Paul

— El niño, Paul, no es mi hijo, es mi sobrino. O sea, el bebé de Yunia que es mi prima, no mi hermana (entonces ya el niño no sería mi sobrino…) pero ella, que me conoce desde 1987 y desde entonces ha soportado mis alegrías y torpezas, el pelearnos por la raspa de harina de mi abuela Dominga, y los desahogos emocionales… Ella, que tiene la misma cantidad de años que yo, que crecí admirándola… ella es lo más cercano a una hermana que tengo.

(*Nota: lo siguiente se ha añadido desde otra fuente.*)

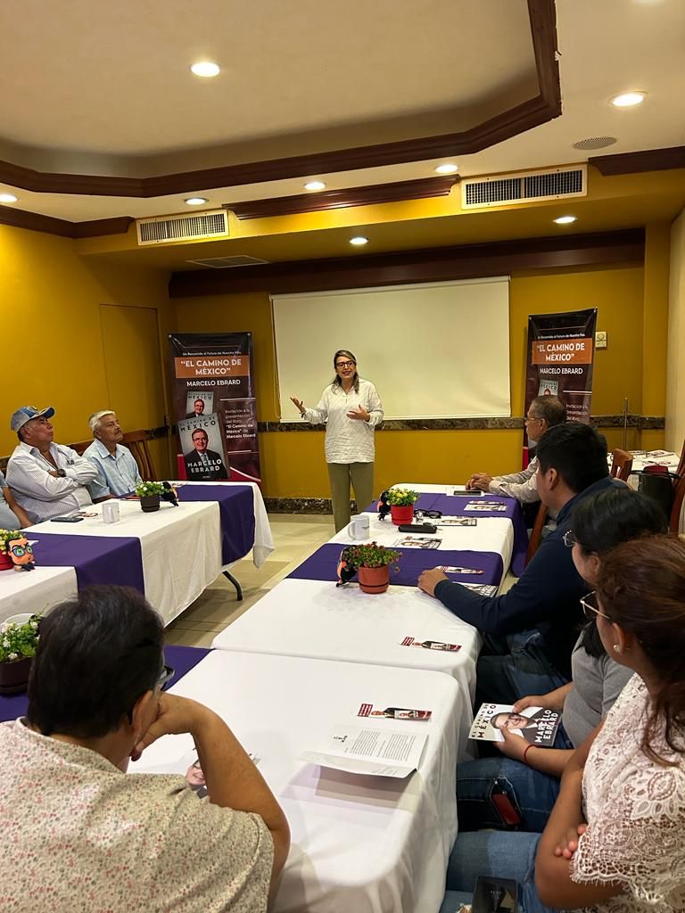 San Andrés Tuxtla, Ver.- Hoy llegó el libro “El Camino de México” de Marcelo Ebrard Casaubón a San Andrés Tuxtla, Veracruz, presentado y comentado por Andrea Genoveva Solano Rendón ante representantes de comunidades de la montaña y costa del municipio, estudiantes y profesionistas.

Cuando nació mi hermano, Alberto, el único hermano papá y mamá mediante, Yunia y yo teníamos 3 años. Cuentan que nos llevaron a las dos juntas a conocerlo. Aún la familia recuerda mis gritos descontrolados en pleno hospital materno: “¡Nooooooo, no lo veas! ¡No lo veas tú, que ese niño es mío!”
29 años después – o sea, ahora- ella sigue siendo mejor persona que yo. Y más madura que yo. Fíjense que me manda fotos del bebé en vez de -en pleno uso de la venganza que le está permitida- andar gritándome: “¡Nooooo, no lo veas, que este niño sí es mío!”